I have been looking and I cannot find one. A master list of all healthcare insurance carriers and their categorization into core payor classes. During my search I built my own, and of course I have general standard categories, but I also have client-specific and state-specific categories. Through this regular process of additions and updates of my master payor mapping, I have come up with tips around building your own, and theories why there likely will never been a true master payor mapping across all insurance carriers.
TIP ONE: Developing Core Payor Categories
I personally like tiering in my payor mappings. For my table I use 4 levels.
Level 1: Core categories of Government, Commercial, Self Pay, Charity, Interest, Exclude/Remove
Level 2: Splitting of Government payors into categories of Medicare, Medicaid, Tricare/Champus/VA.
Level 3: Splitting out of core Commercial payors to BUCAH* vs general Commercial, and then splitting of Medicare into Traditional vs Managed, splitting of Medicaid into State and Out of State. Finally, pulling out any client-specific special payor categories.

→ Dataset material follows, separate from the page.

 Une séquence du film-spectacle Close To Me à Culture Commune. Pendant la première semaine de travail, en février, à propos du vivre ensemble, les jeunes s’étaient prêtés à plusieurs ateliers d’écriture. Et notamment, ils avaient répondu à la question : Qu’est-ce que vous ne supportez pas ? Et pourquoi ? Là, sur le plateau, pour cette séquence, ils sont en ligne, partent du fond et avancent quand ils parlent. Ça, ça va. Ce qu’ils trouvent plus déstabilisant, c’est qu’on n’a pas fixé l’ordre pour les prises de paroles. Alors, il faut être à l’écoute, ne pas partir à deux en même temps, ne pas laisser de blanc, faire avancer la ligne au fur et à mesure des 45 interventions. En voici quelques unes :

Level 4: At this final level we can split out the BUCAHs into the three sub-plans of Managed Medicare, Managed Medicaid, and general Commercial. Splitting out Supplemental plans might be good for your organization if you have to track payor reimbursement shifts. Splitting out any Workers Comp and Auto.

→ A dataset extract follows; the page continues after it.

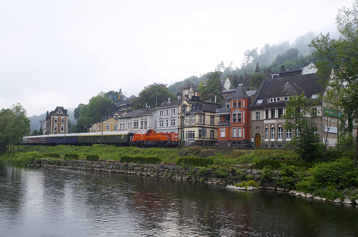 Ein Blick von der Burg Altena nach Süden auf einen Autozug, den eine unbekannte 185 am 20.01.2024 auf der Ruhr-Sieg-Strecke (wahrscheinlich) nach Emden befördert. Altena war ein wichtiger Standort der Draht- und Metallindustrie und zwischen 1887 und 1961 Endpunkt der aus Lüdenscheid kommenden meterspurigen Kreis-Altenaer Eisenbahn, an die zahlreiche Industriebetriebe im Rahmetal angeschlossen waren. Die KAE-Strecke lag auf der linken Seite der oberhalb der Ruhr-Siegstrecke führenden B 236, etwa in Höhe der Lennebrücke befand sich der Haltepunkt Mittlere Brücke. Bis 1969 war die Stadt Sitz des Kreises Altena, daran erinnert das rechts oben sichtbare Alte Kreishaus mit dem modernen Anbau. Horst Lüdicke
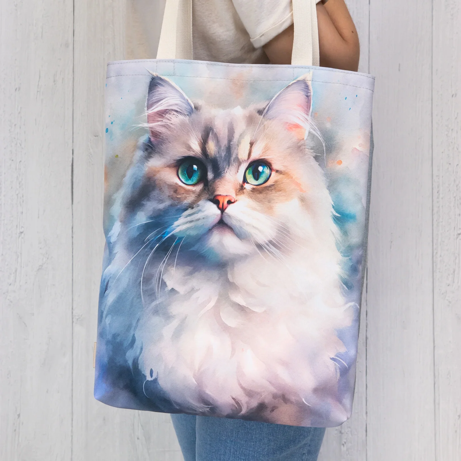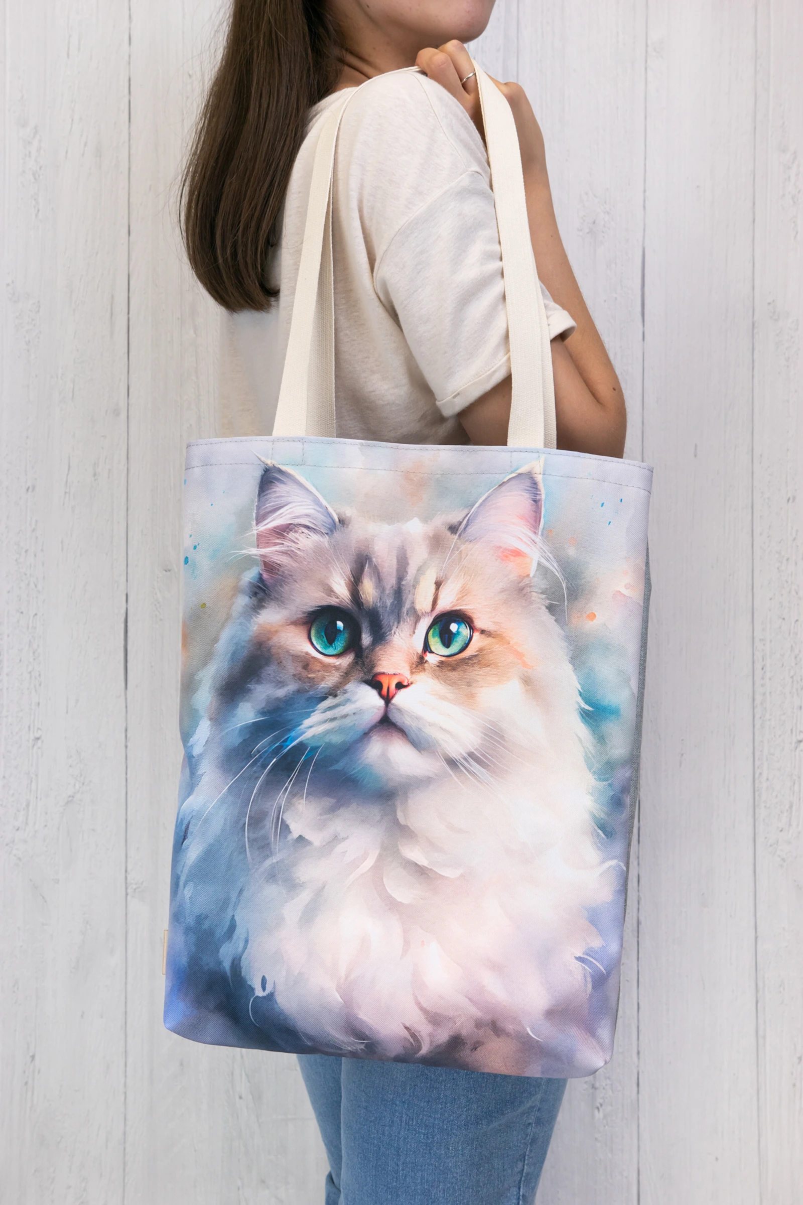 Torba na zakupy z portretem pięknego kota na kolorowym tle.

You will most often use something like a payor mapping level 3 for financial reporting and/or inventory analysis. However, the other categories greatly help sort and roll up or down the data for any needs.
Quick side tangent. This term, "*BUCAH". You may have seen it also as "BUCA", I added the "H" at the end because it just makes sense. These are the national payors that rule the markets outside of Medicare and Medicaid. They are major plan administrators and you will always have two or three that make up the largest percentage of your payor mix outside of core government payors.
B - Blue Cross Blue Shield (BCBS)
U - United Healthcare (UHC)
C - Cigna
A - Aetna
H - Humana
TIP TWO: Obtaining Payors to Map
Start internally with your own data sets. Pull every payor category column from your database: Primary Carriers, Secondary Carriers, Current Carrier, Parent Insurance, etc. Next pull from any clearing house you can find a payor list (examples: Availity, Change Healthcare, Waystar, etc). Finally, and especially important if your service line is external to the facility (example: ProFee billing), get a master mapping from any facility where you receive data.
Make sure you get with your financial/analytics teams to look at reimbursement trends if a payor looks mixed or if there is something the team tracks separately, such as a special payor category. If you want the mapping to be useful, you have to make it work for everyone in a way they can easily understand.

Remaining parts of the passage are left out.